Task inputs:
....
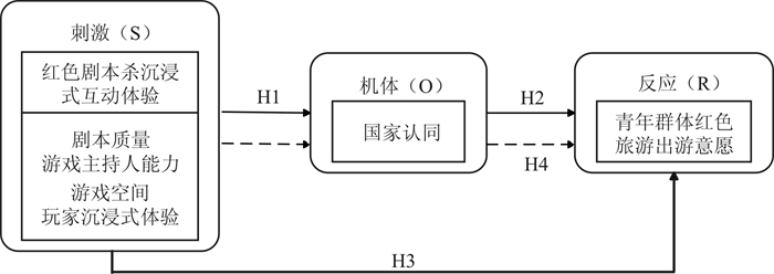 • 诸多研究表明,沉浸式体验会使体验者获得高度的愉悦感和充实感[24],在体验结束后仍留下深刻印象,也会对游客出行意愿与行为产生影响[25]。在“剧本杀”营造的逼真场景的沉浸式体验过程中,人与人、人与物、人与环境交互与互动[5],身临其境的在地感和体验感被不断强化,进而增强了国家认同意识,而这种国家认同感与红色旅游内涵同频共振,由此青年群体被红色实景旅游吸引,产生出游意愿。此外,结合SOR理论,“红色剧本杀”作为一种沉浸式体验游戏,剧本内容、游戏主持人和游戏空间都能够在视觉、听觉上对游戏玩家产生刺激,从而使其产生情绪变化,本研究将这种情绪变化定义为国家认同感。国家认同感将增强青年群体对红色旅游目的地的出游意愿,即“红色剧本杀”这一外部刺激的结果最终体现为青年出游意愿。基于此,提出假设H3和H4:
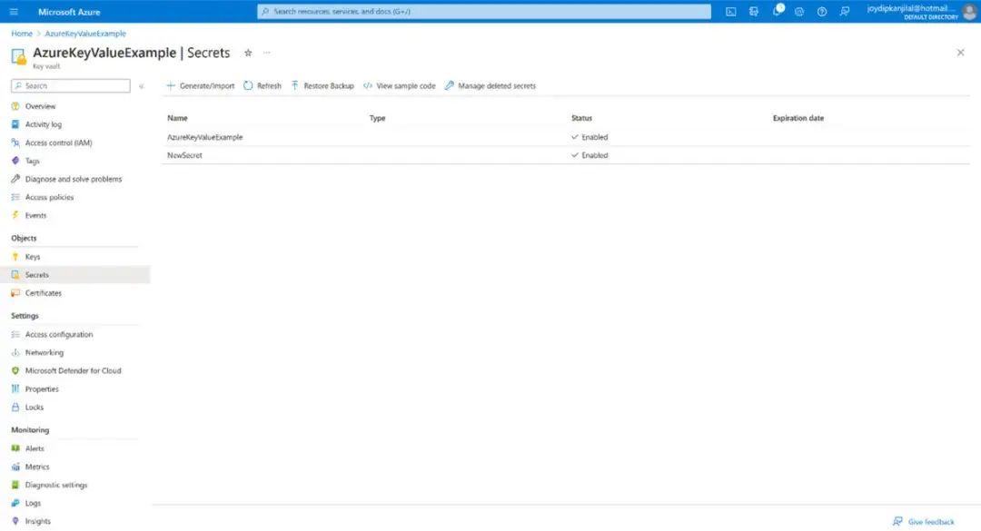然后可以在Azure门户中查看到新创建的秘密,如下图所示
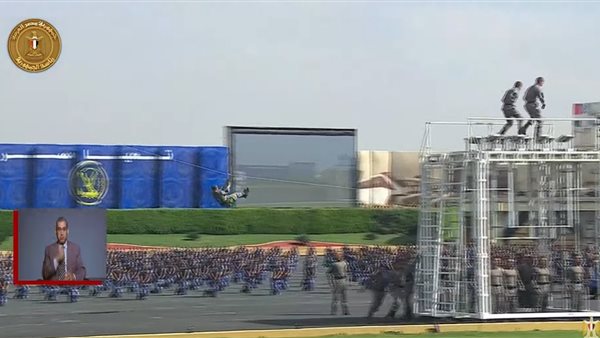 في احتفالات العيد الـ73.. طلبة الشرطة يقدمون عرضا على تسلق ونزول المرتفعات بالحبال
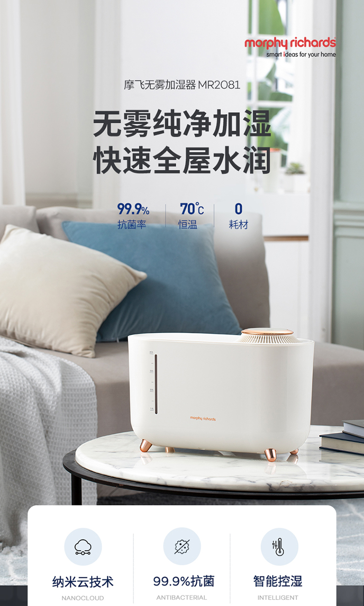 1.無(wú)霧加濕。無(wú)霧恒溫加濕,加速水潤(rùn),純凈健康。
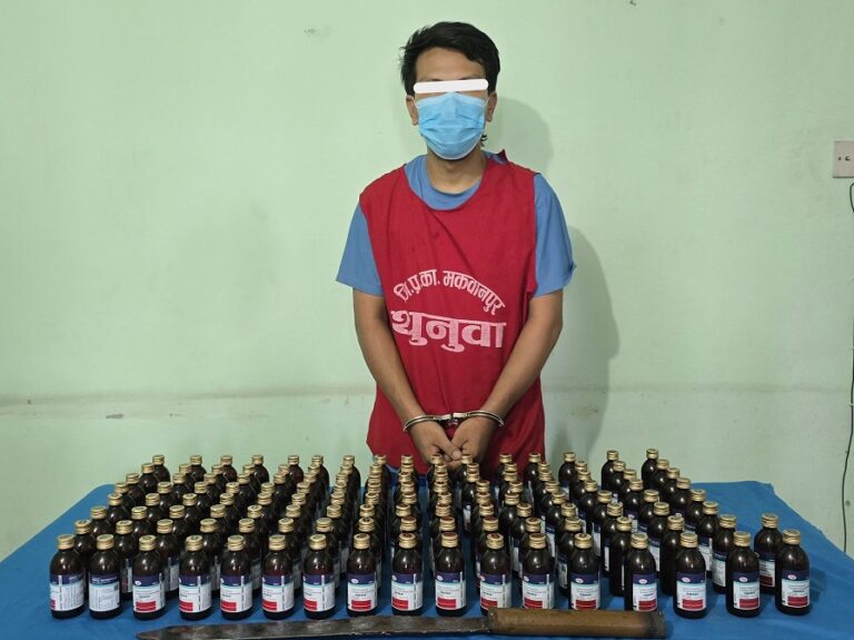 जिल्ला प्रहरी कार्यालय मकवानपुरबाट खटिएको प्रहरी टोलीले तामाङलाई डेराकोठामा फेला पारेर खानतलासी गर्ने क्रममा दराजभित्र झोलामा लुकाइराखेको अवस्थामा लागुऔषध अनरेक्स १ सय ३१ बोतल फेला परेको हो ।
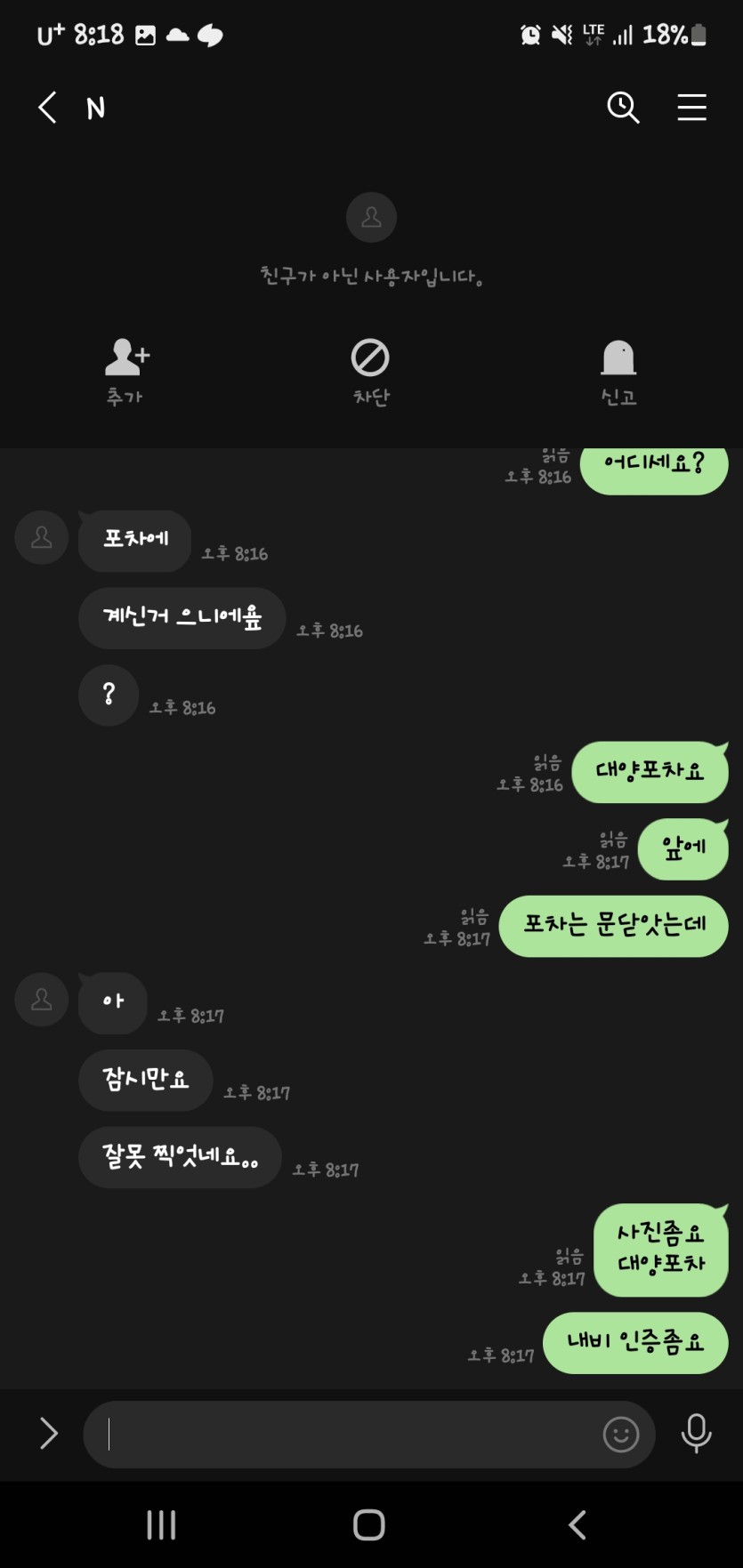 도착햇다하고 나가보니 주소를 잘못찍엇다고하더니 잠수 입니다
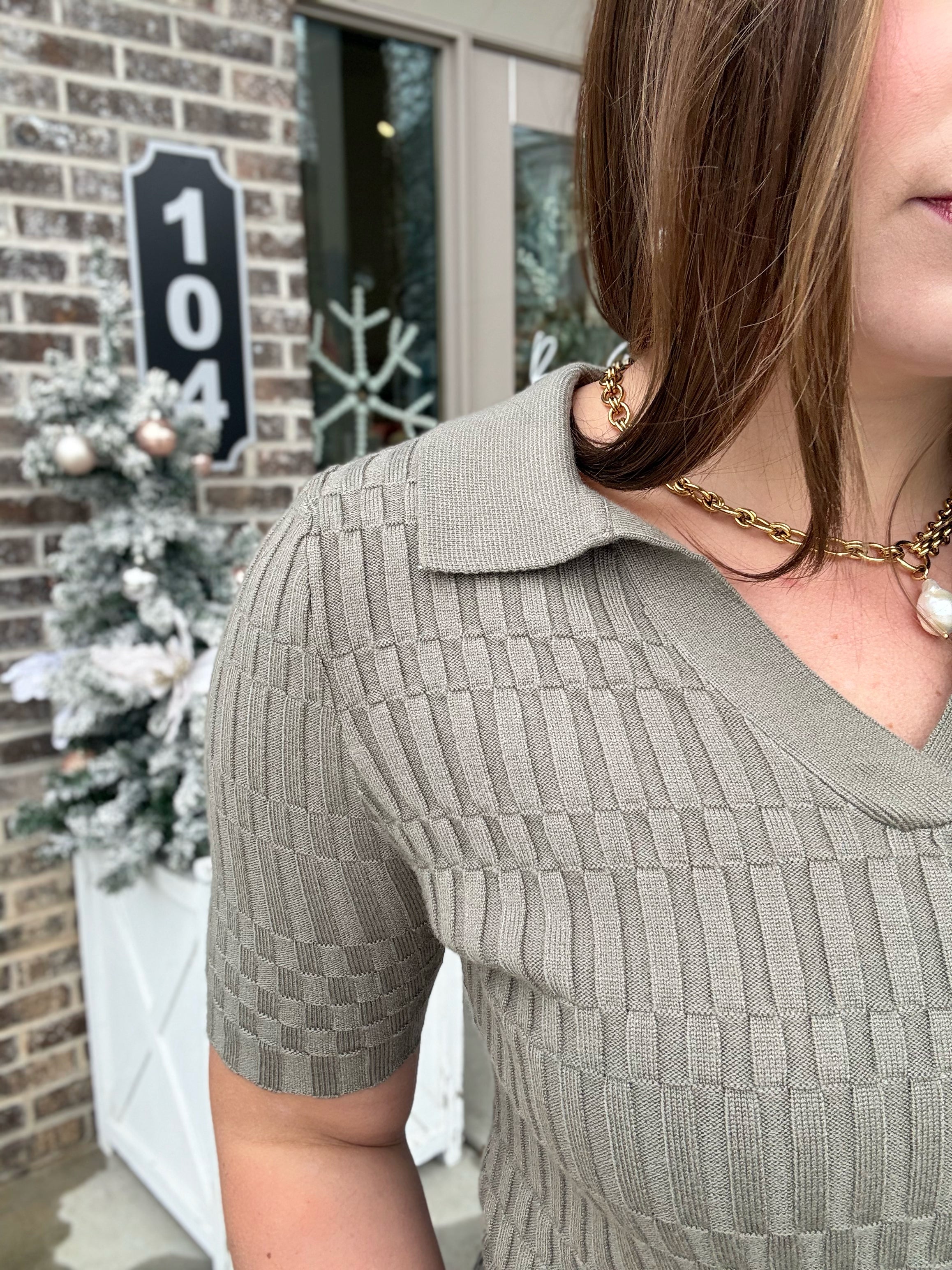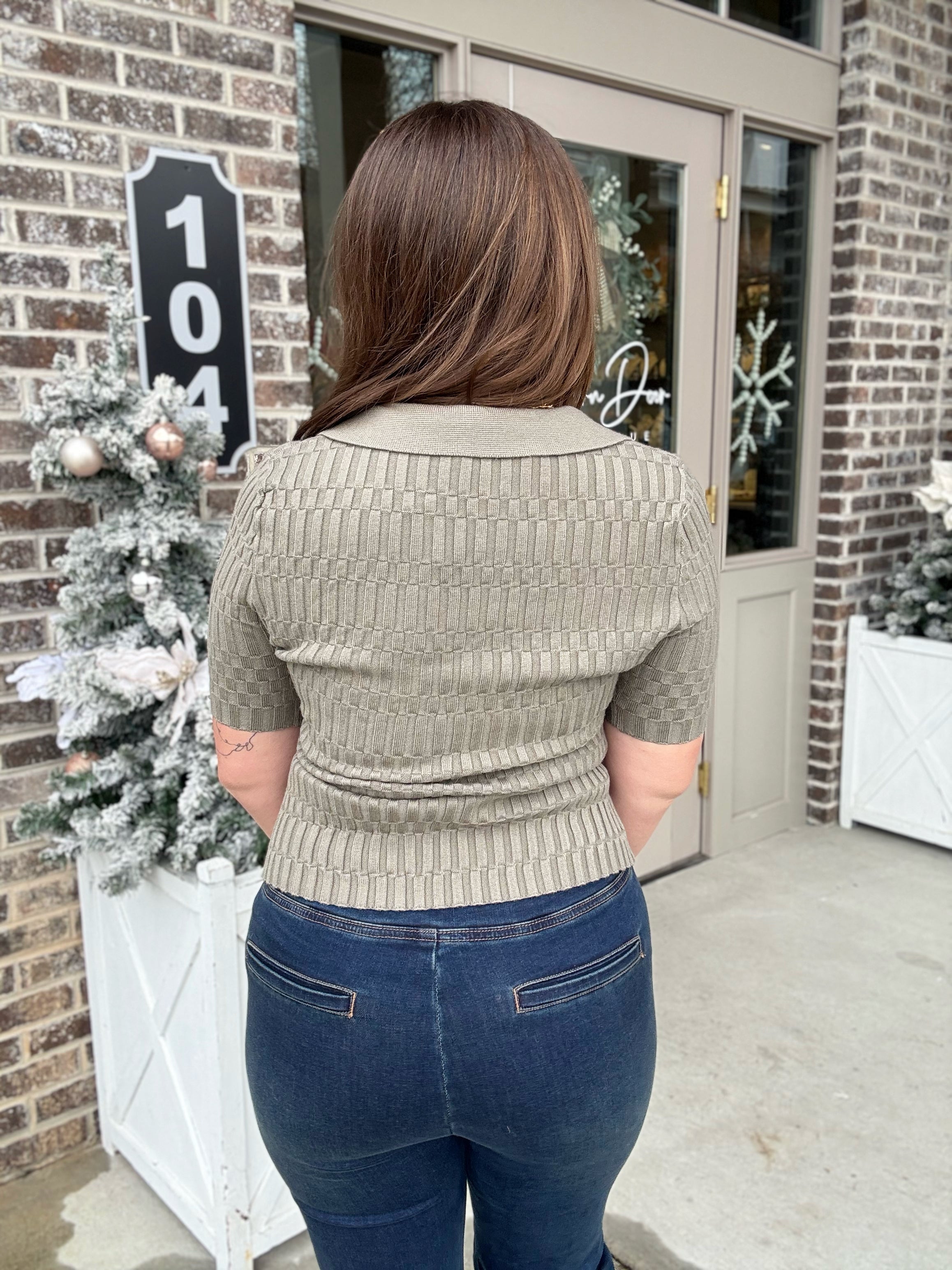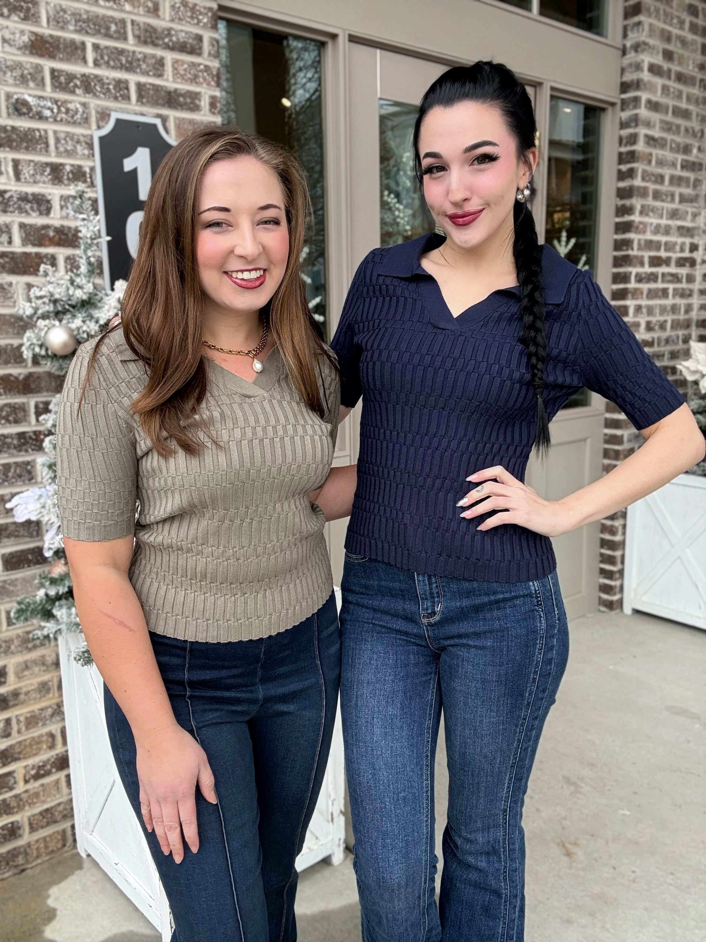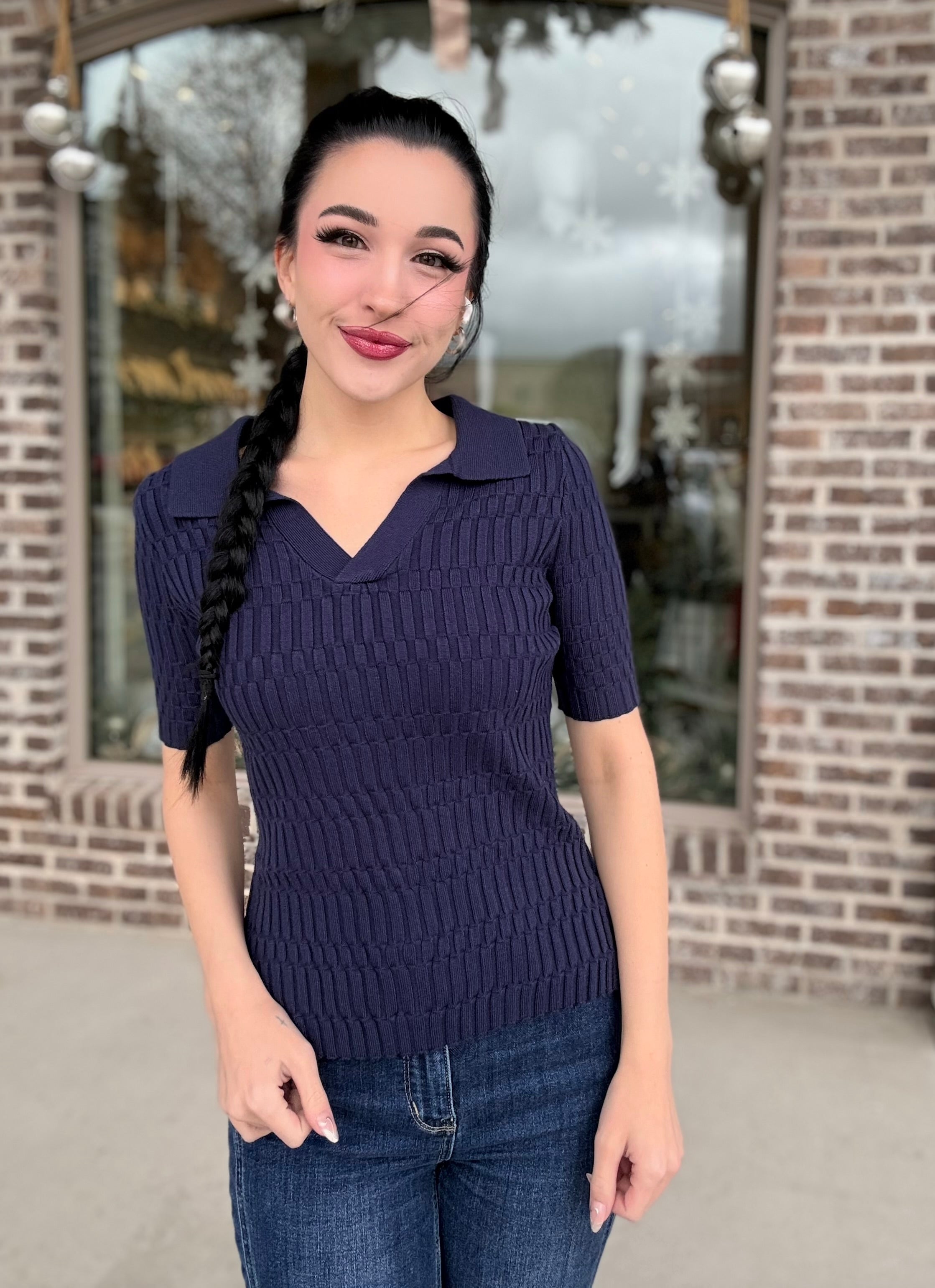 Inject a dose of refined athleticism into your wardrobe with The Grand Prix Polo, a women's top that flawlessly combines preppy style with a unique, luxurious texture. This top is crafted from a soft, fine-gauge knit featuring a distinctive geometric rib pattern that adds depth and modern flair to the fabric. Available in two versatile, rich colors—a deep Navy and an earthy Olive—this top is a comfortable and chic foundation for countless outfits.
....
Work instructions:
Only what runs from the line with "في احتفالات العيد" through the last line of the listing above belongs in the answer, set down exactly and free of pictures.

Written answer:
 في احتفالات العيد الـ73.. طلبة الشرطة يقدمون عرضا على تسلق ونزول المرتفعات بالحبال
 1.無(wú)霧加濕。無(wú)霧恒溫加濕,加速水潤(rùn),純凈健康。
 जिल्ला प्रहरी कार्यालय मकवानपुरबाट खटिएको प्रहरी टोलीले तामाङलाई डेराकोठामा फेला पारेर खानतलासी गर्ने क्रममा दराजभित्र झोलामा लुकाइराखेको अवस्थामा लागुऔषध अनरेक्स १ सय ३१ बोतल फेला परेको हो ।
 도착햇다하고 나가보니 주소를 잘못찍엇다고하더니 잠수 입니다
 Inject a dose of refined athleticism into your wardrobe with The Grand Prix Polo, a women's top that flawlessly combines preppy style with a unique, luxurious texture. This top is crafted from a soft, fine-gauge knit featuring a distinctive geometric rib pattern that adds depth and modern flair to the fabric. Available in two versatile, rich colors—a deep Navy and an earthy Olive—this top is a comfortable and chic foundation for countless outfits.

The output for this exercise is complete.